**To do**
The listing below holds pictures; exclude them. Return exactly the lines from the one with "Obverse lettering REPUBLIQUE" through the one with "2、世界背景、齐之子、属性、天赋和性格都是随机生成的".

**Data shown**
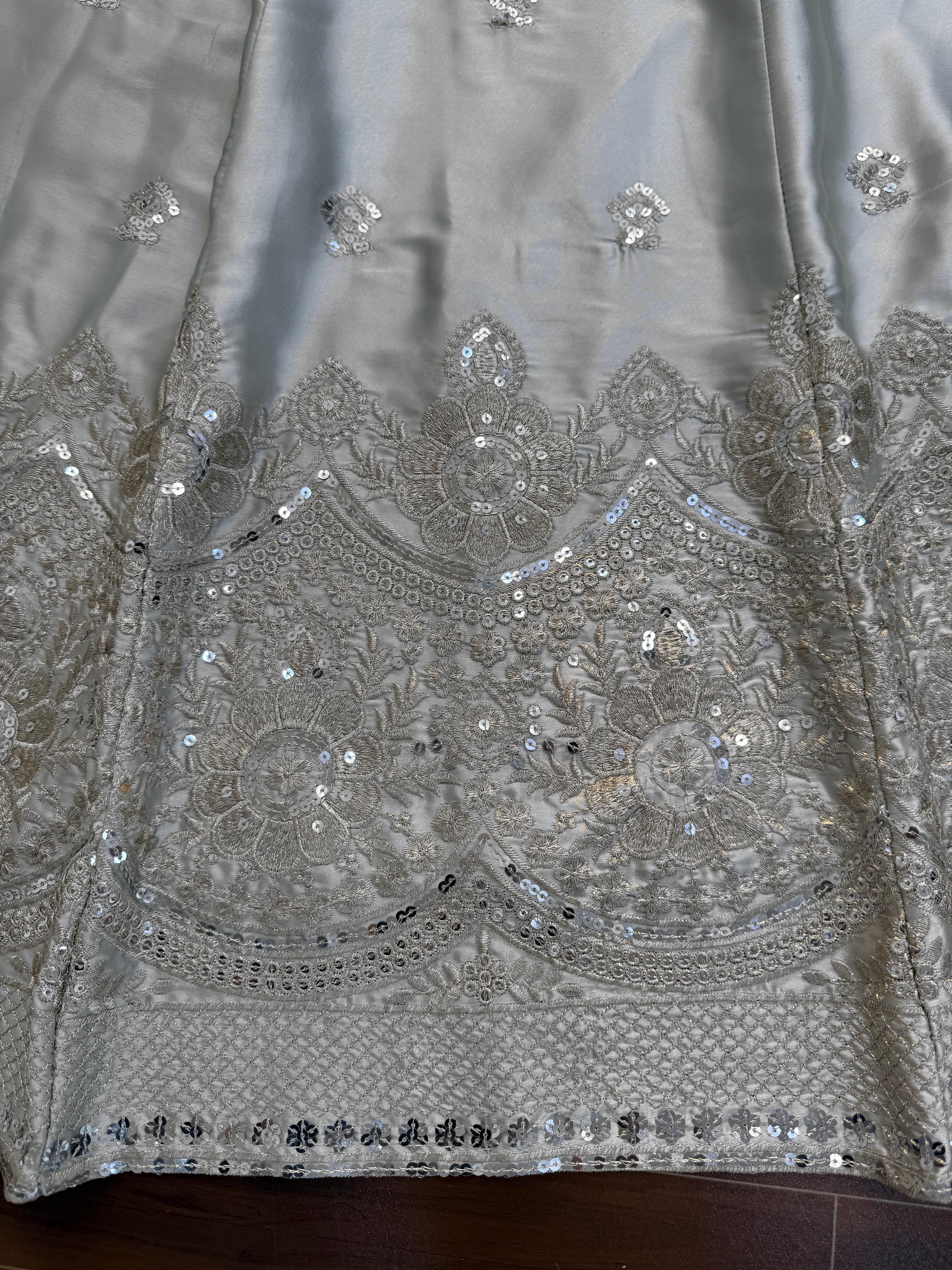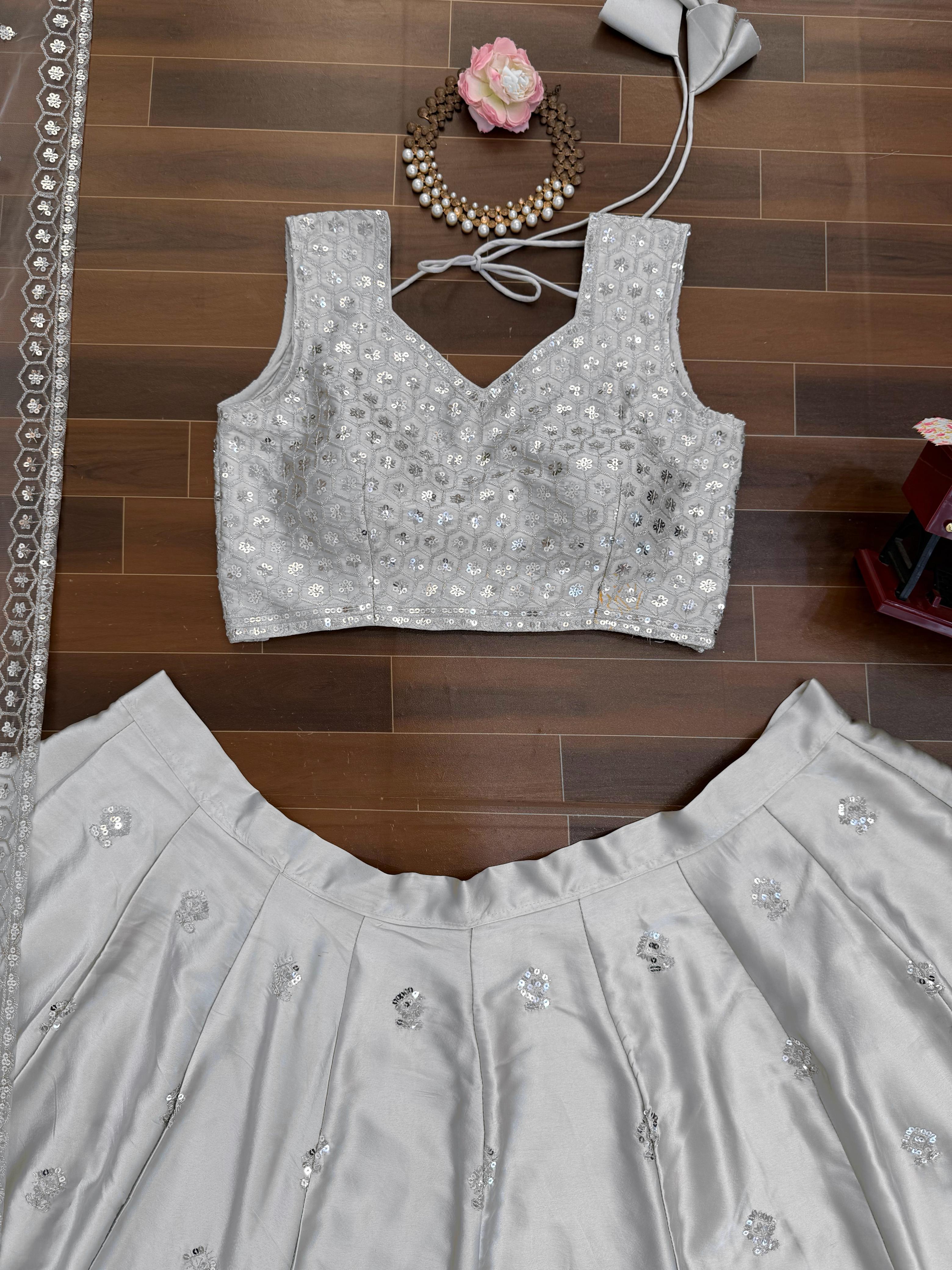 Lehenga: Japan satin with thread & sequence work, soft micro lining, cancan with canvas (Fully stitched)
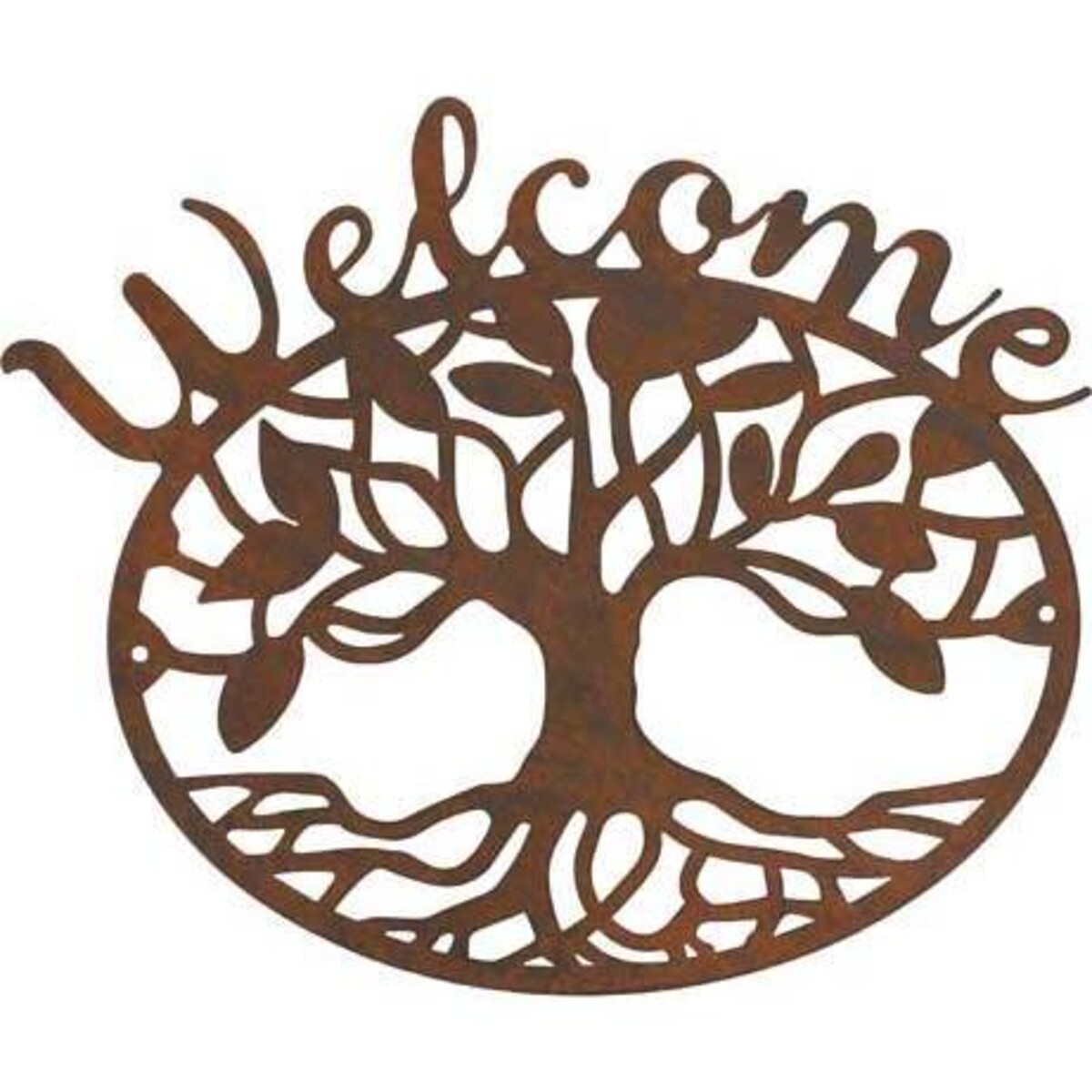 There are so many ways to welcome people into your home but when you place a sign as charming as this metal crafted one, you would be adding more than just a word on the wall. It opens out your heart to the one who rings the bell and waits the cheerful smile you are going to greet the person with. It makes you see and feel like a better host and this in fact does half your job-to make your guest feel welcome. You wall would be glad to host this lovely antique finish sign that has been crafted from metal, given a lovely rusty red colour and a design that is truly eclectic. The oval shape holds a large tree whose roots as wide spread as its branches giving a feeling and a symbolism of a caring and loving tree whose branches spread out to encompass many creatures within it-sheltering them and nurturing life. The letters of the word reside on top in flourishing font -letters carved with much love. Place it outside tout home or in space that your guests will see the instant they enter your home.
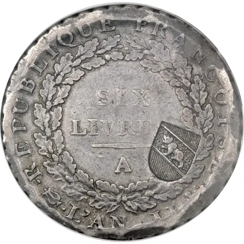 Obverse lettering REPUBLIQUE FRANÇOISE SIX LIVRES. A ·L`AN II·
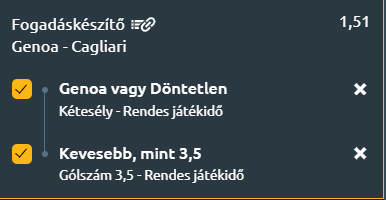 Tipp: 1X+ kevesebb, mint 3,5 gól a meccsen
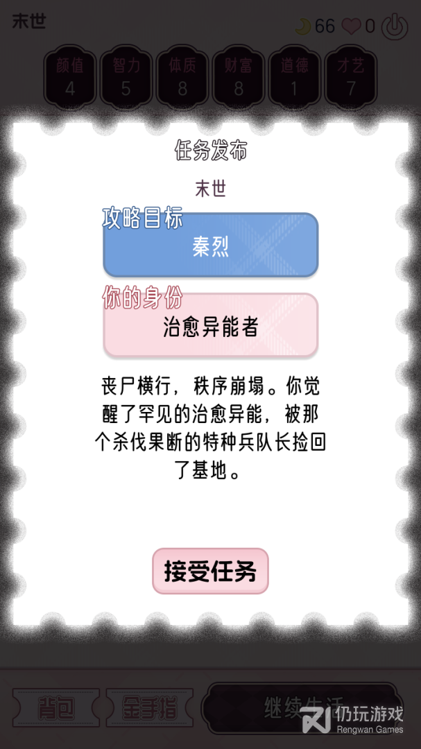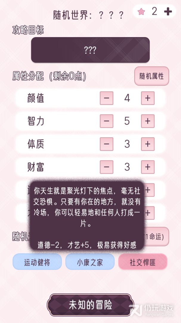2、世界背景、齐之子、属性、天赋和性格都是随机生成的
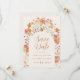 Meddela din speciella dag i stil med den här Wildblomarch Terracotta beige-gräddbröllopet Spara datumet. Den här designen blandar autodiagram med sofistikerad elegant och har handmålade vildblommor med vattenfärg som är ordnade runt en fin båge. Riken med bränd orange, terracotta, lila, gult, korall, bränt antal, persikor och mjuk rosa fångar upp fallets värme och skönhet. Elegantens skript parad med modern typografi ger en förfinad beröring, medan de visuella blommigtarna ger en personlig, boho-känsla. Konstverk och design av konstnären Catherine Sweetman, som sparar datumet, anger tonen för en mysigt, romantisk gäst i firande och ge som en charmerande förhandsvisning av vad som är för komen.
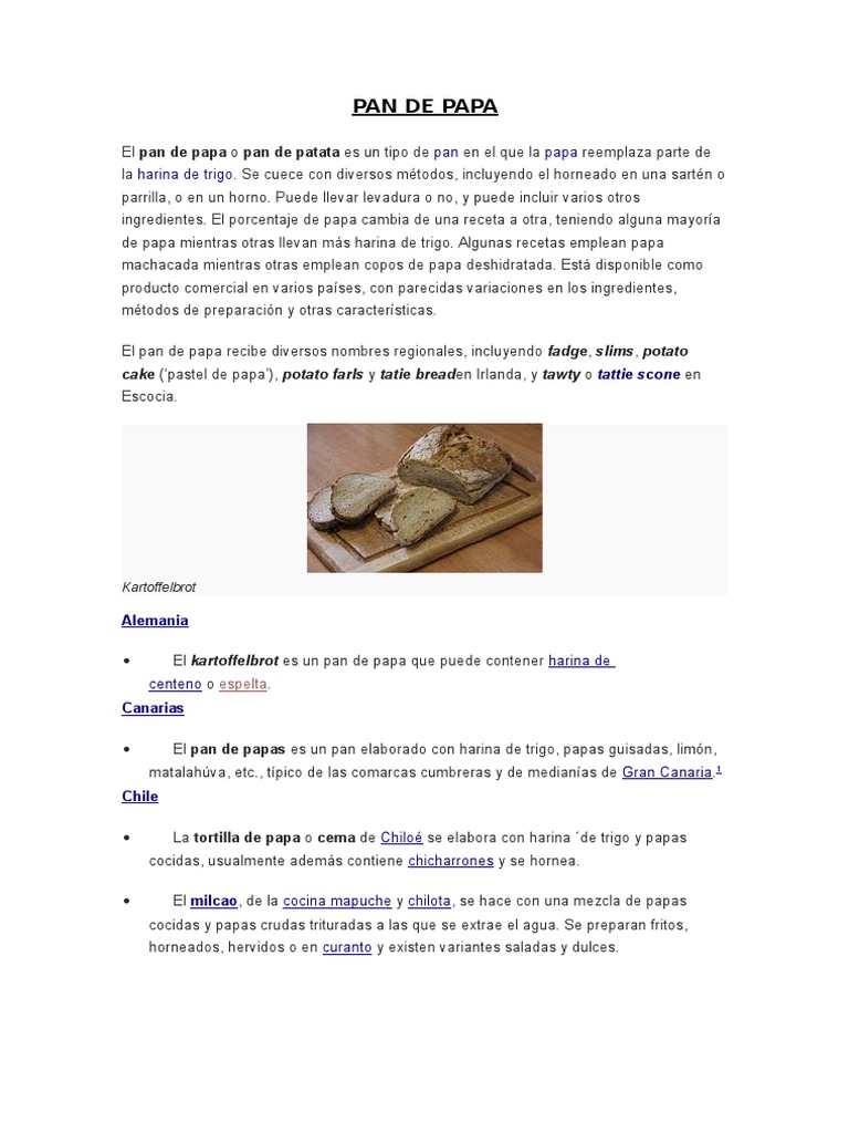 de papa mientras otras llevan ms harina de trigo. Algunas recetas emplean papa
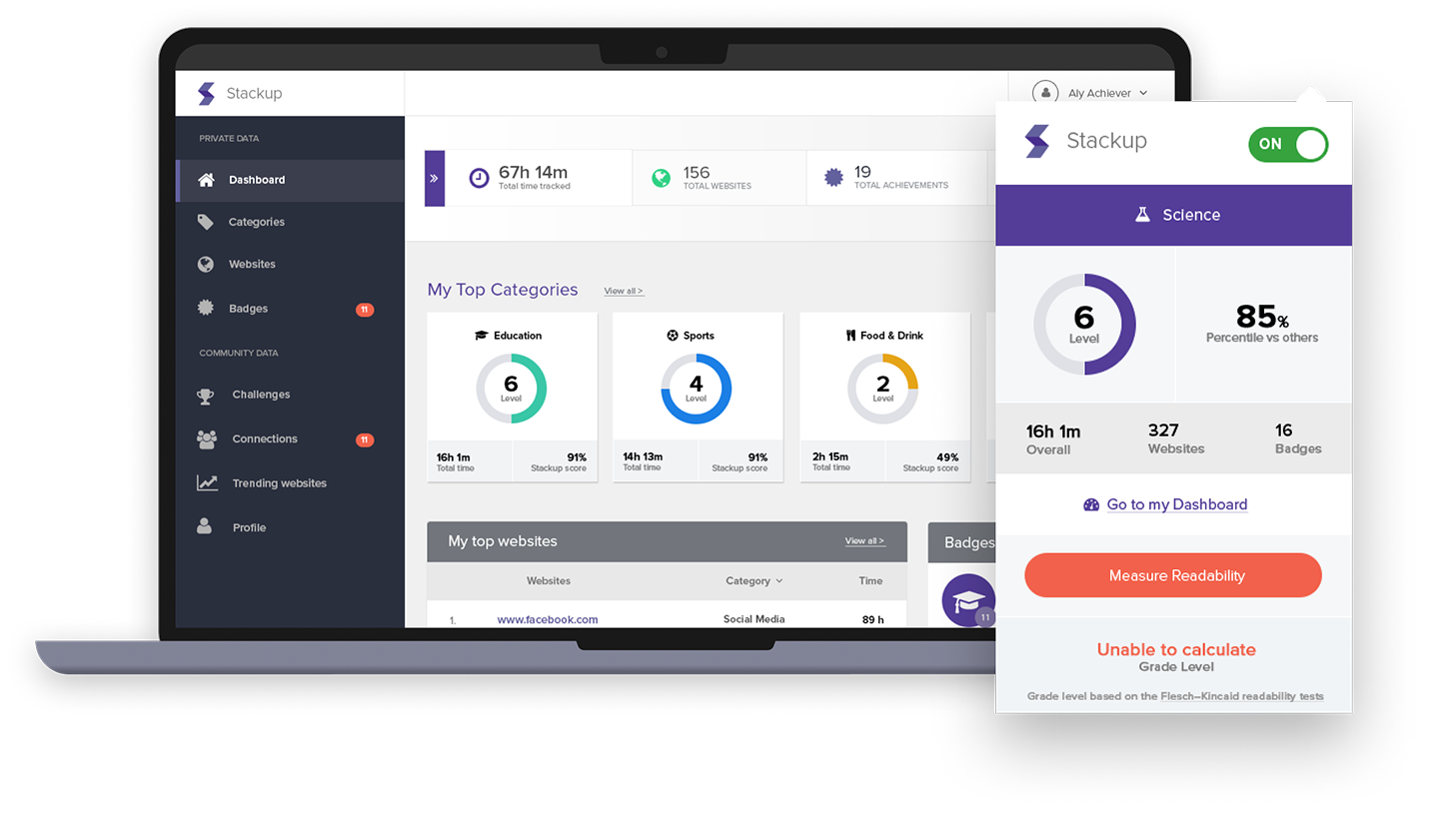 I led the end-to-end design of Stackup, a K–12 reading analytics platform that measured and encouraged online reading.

**Written answer**
 Obverse lettering REPUBLIQUE FRANÇOISE SIX LIVRES. A ·L`AN II·
 Tipp: 1X+ kevesebb, mint 3,5 gól a meccsen
2、世界背景、齐之子、属性、天赋和性格都是随机生成的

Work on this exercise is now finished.